Materials selection for CO2 transport and injection wells – O2 limits
Project partnersInstitutt for Energiteknikk (IFE)
Background and project purpose:
In CO2 injection wells, situations can occur where formation water and dense phase CO2 comes into contact with the well material. When large amounts of CO2 dissolve in the water phase it becomes more corrosive, which can provide high corrosion rates for carbon steel while stainless steel grades (13Cr and 22Cr) that are used in many wells have good corrosion resistance under these conditions. If the CO2 stream contains impurities, these will also dissolve in the water phase and further increase the corrosivity. One of the impurities associated with great uncertainty is O2, especially when the well is completed with 13Cr.
The first CO2 specification for the Peterhead project that was published in 2015 had a maximum limit of 1 ppmv O2. This limit was later increased (2016) to 5 ppmv after an experimental campaign at IFE. An O2 concentrations in the range 1 to 10 ppmv had been discussed in the Northern Light project prior to the start of the CO2WELLMAT project.

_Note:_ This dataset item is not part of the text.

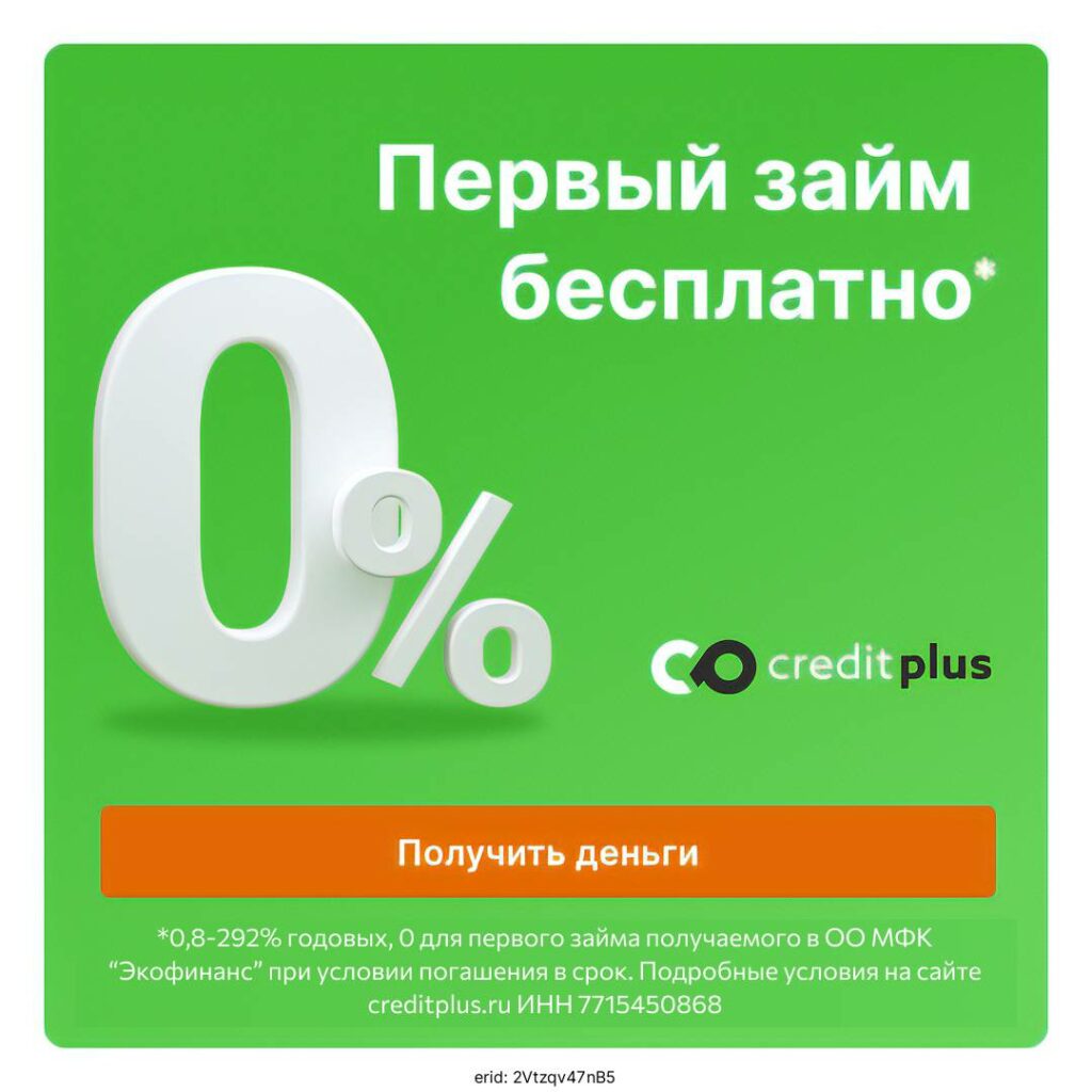 олучите первый займ без переплат в CreditPlus. Всего несколько минут на подачу заявки, и деньги поступят на вашу карту. Необходим только паспорт. Мы предлагаем простые условия: быстрое рассмотрение, высокий процент одобрения и возможность улучшить кредитную историю. Всё прозрачно и без скрытых комиссий. Оформите заявку на сайте ТУТ и получите займ уже сегодня! Изучите все условия кредита (займа) на сайте в соответствующем разделе. Оценивайте свои финансовые возможности и риски.

In order to achieve the target "Realization of storage potential in the North Sea", it is important that the CO2 producers are offered a CO2 specification that is safe, but not unnecessarily conservative and expensive. The purpose of the CO2WELLMAT project has been to determine maximum limits for O2 for different injection well materials exposed to different temperatures and compositions of formation water. Only when acceptable O2 concentrations are documented, can a cost optimization be made where one looks at the choice of better (more expensive) well materials vs. construction and operation of treatment plants to remove O2 vs. demanding requirements for O2 monitoring and wasting of CO2 not complying with the agreed CO2 specification.

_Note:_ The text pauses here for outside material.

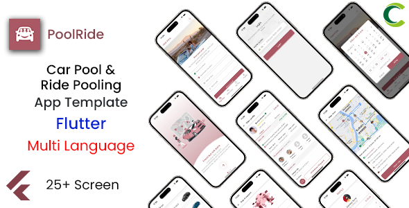 PoolRide – Automobile Pooling & Journey Sharing App template in Flutter | Multi Language

What was the project objective:
The goal of the CO2WELLMAT project was to determine limiting values for O2 under conditions relevant to the Northern Light project. When the project started, the only expected impurities were small amounts of water and a few ppmv O2, a reservoir temperature of 80 °C (Smeaheia) and up to 6.7 mmol / kgS alkalinity (about 400 ppmw bicarbonate) in the formation water. Later, when the injection area was moved to the Johansen field (higher temperature, 120 °C) and other types of impurities were included in the CO2 specification for the Northern Light project, it was discussed to include other impurities in the experiments as well. This was not possible within the framework of the project, due to the cost and time associated with the significant modification of the test setup which would have been required. It was agreed to partially compensate for the presence of other acidic impurities by reducing the alkalinity content of the aqueous phase.
What has the project done in terms of activities?
The main activities in the project have been:
Review of existing knowledge including data and experiences from oil-gas production / injection. An important focus area was how and to what extent experiences from oil-gas production / injection can be used in CO2 injection wells.
Determine experimentally the partitioning of O2 in water and dense phase CO2 for selected conditions and by use of models estimate values at different temperatures (10-120 ° C) and pressure (50-150 bar).
Determine experimentally O2 concentration for initiation and maintenance of pitting corrosion for different well materials exposed to different temperatures and O2 concentrations and in formation water with different buffer capacities (different pH).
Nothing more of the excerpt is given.